Data block:
______________________________

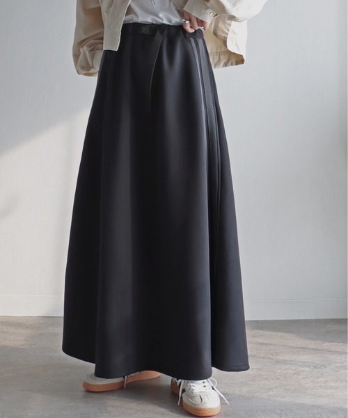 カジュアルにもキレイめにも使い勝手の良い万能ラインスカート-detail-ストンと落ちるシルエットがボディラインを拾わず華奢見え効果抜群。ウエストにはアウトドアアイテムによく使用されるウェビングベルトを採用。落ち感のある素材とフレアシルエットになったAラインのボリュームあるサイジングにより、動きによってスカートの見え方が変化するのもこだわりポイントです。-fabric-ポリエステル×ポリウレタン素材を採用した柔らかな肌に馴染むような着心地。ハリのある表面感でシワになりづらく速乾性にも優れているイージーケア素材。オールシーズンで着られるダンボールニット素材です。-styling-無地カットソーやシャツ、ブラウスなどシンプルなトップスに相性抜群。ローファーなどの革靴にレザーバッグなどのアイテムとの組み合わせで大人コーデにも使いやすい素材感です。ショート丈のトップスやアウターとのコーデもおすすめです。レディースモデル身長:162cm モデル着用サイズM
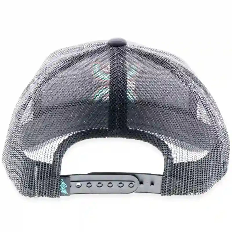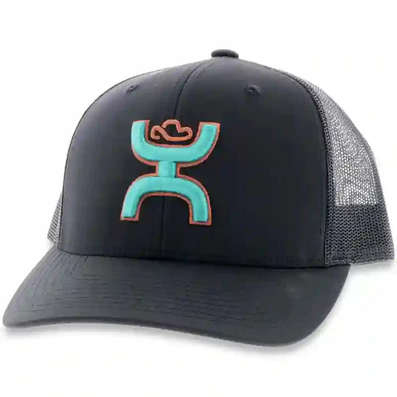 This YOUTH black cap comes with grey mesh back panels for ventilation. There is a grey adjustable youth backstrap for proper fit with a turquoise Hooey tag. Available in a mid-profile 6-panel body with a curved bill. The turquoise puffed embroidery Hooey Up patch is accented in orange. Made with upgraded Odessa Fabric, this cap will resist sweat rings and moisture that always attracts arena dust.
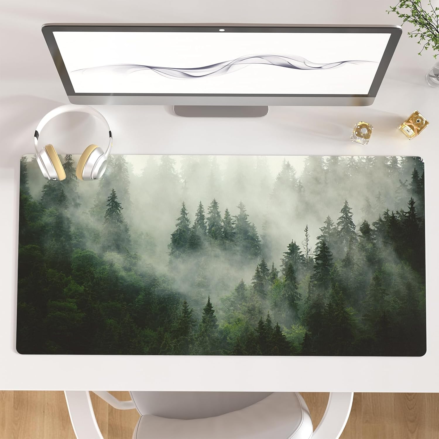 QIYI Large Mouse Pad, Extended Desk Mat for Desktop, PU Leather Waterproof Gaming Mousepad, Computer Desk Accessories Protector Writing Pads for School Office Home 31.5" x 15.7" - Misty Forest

______________________________

Work instructions: Leave the pictures out and reproduce exactly the lines from the line with "This YOUTH black" to the end of the material above.

Result of this exercise:
 This YOUTH black cap comes with grey mesh back panels for ventilation. There is a grey adjustable youth backstrap for proper fit with a turquoise Hooey tag. Available in a mid-profile 6-panel body with a curved bill. The turquoise puffed embroidery Hooey Up patch is accented in orange. Made with upgraded Odessa Fabric, this cap will resist sweat rings and moisture that always attracts arena dust.
 QIYI Large Mouse Pad, Extended Desk Mat for Desktop, PU Leather Waterproof Gaming Mousepad, Computer Desk Accessories Protector Writing Pads for School Office Home 31.5" x 15.7" - Misty Forest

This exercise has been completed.